The chapter entitled “Fighting Words” discusses Charlie Chaplin’s intentions for his film “The Great Dictator”. The film was Chaplin’s first sound film. Not wanting to alter his classic silent ‘tramp’ character, Charlie found the opportunity in this entry into sound to preserve his beloved character and talk to his audience for the first time. “As Hitler I could harangue the crowds in jargon and talk all I wanted to,” wrote Charlie in his autobiography. “A Hitler story was an opportunity for burlesque and pantomime.” Charlie exposed Hynkel (representing Hitler) in exactly this fashion. For most of the film, Hynkel’s words amount to nothing more than gibberish. When the dictator speaks intelligibly, the audience still senses malevolent babble.
The chapter supports the thesis as it illustrates Chaplin’s intentions to mock Hitler his film. It also demonstrates the striking contrast between the dictator and the barber. The dictator appears foolish as a result of Chaplin’s work while the barber remains relatively silent and pure (until the end).

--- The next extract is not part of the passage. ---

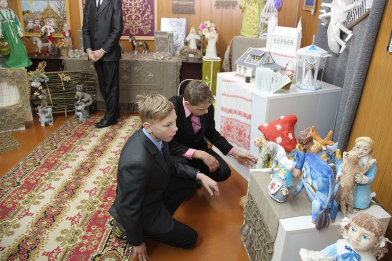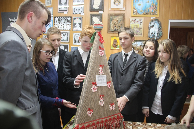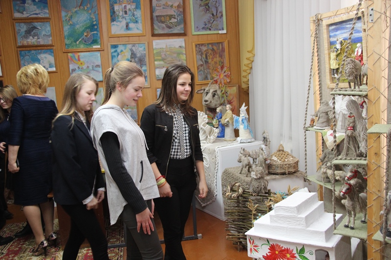 На выставку работ декоративно-прикладного творчества «Калядная зорка» в центр творчества детей и молодежи пришли не только дети, но и взрослые. Свое творчество продемонстрировали ребята, занимающиеся в кружках декоративно-прикладного характера в школах района. Экскурсию для воспитанников школы-интерната, учащихся городских школ провела заведующий отделом декоративно-прикладного творчества центра Наталья Войтеховская.
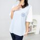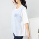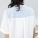 背後異材質短袖上衣 白藍條紋 - 女 T 恤 - 其他材質 白色

After developing these distinct characters for two hours, Charlie utilizes his first sound film to let out his own voice in the final speech, bashing hate and calling the soldiers to unite in the name of democracy and peace.

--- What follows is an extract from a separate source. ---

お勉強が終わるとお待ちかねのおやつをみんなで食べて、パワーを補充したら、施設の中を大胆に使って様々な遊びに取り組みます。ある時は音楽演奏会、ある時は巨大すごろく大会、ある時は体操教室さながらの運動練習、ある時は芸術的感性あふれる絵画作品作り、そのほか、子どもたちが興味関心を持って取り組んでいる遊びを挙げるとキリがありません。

This chapter directly supports the thesis as it demonstrates how Chaplin effectively uses humor to criticize the Nazi regime. The reshaped statues are an exceptional example of Chaplin’s skill in demonstrating the pollution of the Third Reich on all aspects of German life. Chaplin masterfully deforms the Nazi swastika into a double cross. This use of a switched object indicates Hitler’s betrayal of Germany.